**Exercise aim**: Everything in the data below except the pictures must be repeated word for word.

**Data provided**:

---

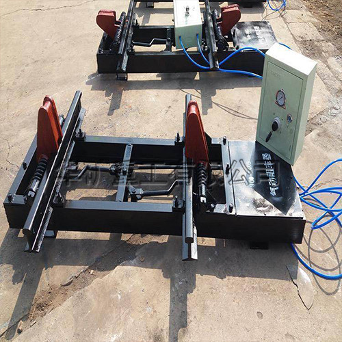 氣動(dòng)阻車器涉及煤礦井下運(yùn)輸機(jī)械技術(shù)領(lǐng)域,氣動(dòng)阻車器由兩根平行的固定支座和阻車桿、前支承座、后支承座及腳踏連動(dòng)裝置組成,單軌阻車器固定支座的兩端分別固定在前支承座和后支承座上,阻車桿置在兩個(gè)固定支座之間,連接在兩個(gè)固定支座之間的轉(zhuǎn)軸穿過阻車桿的中部,阻車桿呈上端小下端粗重狀,自然狀態(tài)下,其上端翹起,腳踏連動(dòng)裝置由腳踏板、拉線和撥桿組成,撥桿的中部鉸接于兩個(gè)固定支承座之間,其上端通過拉線與腳踏板連接。
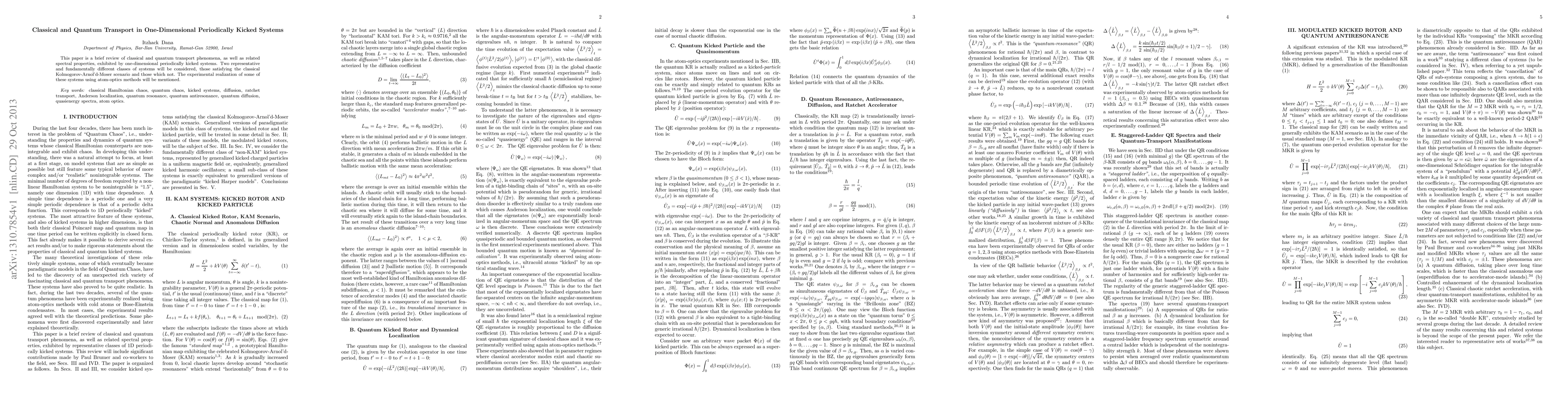 This paper reviews transport phenomena in one-dimensional periodically kicked systems, exploring classical and quantum behaviors, and implications for experimental realization using atom-optics methods.
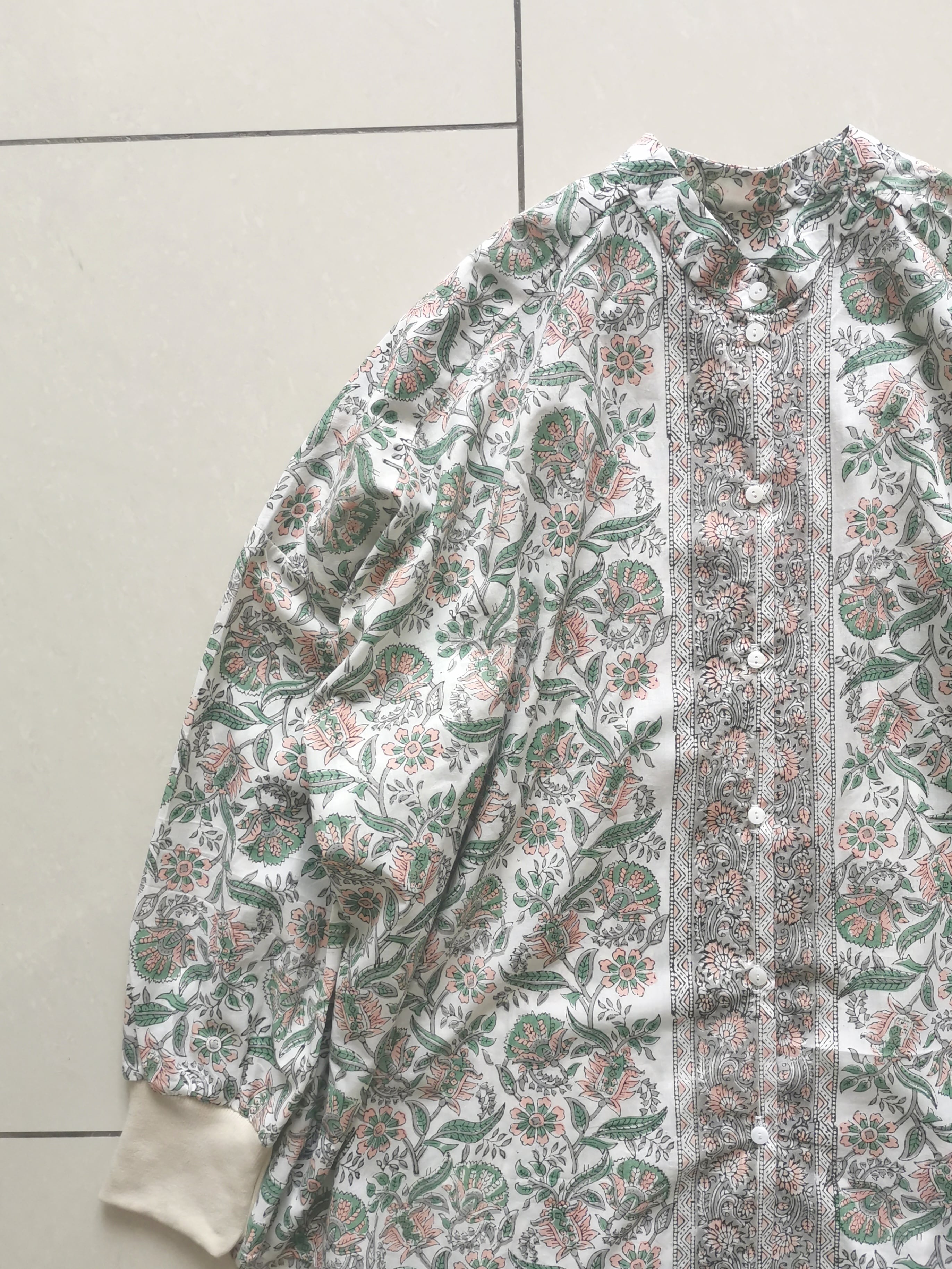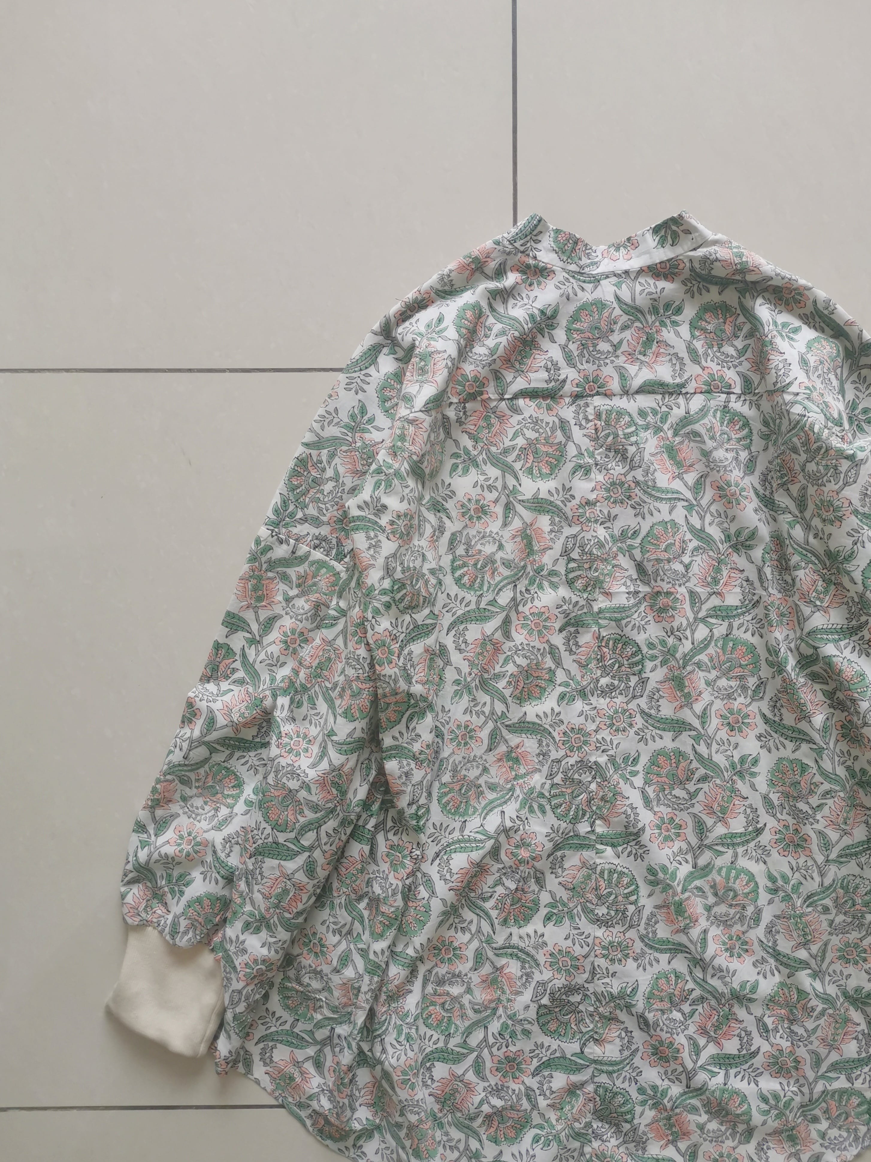 一点もの インド綿のビッグシルエットシャツ 【green×pink】

---

**Result of the task**:
 氣動(dòng)阻車器涉及煤礦井下運(yùn)輸機(jī)械技術(shù)領(lǐng)域,氣動(dòng)阻車器由兩根平行的固定支座和阻車桿、前支承座、后支承座及腳踏連動(dòng)裝置組成,單軌阻車器固定支座的兩端分別固定在前支承座和后支承座上,阻車桿置在兩個(gè)固定支座之間,連接在兩個(gè)固定支座之間的轉(zhuǎn)軸穿過阻車桿的中部,阻車桿呈上端小下端粗重狀,自然狀態(tài)下,其上端翹起,腳踏連動(dòng)裝置由腳踏板、拉線和撥桿組成,撥桿的中部鉸接于兩個(gè)固定支承座之間,其上端通過拉線與腳踏板連接。
 This paper reviews transport phenomena in one-dimensional periodically kicked systems, exploring classical and quantum behaviors, and implications for experimental realization using atom-optics methods.
 一点もの インド綿のビッグシルエットシャツ 【green×pink】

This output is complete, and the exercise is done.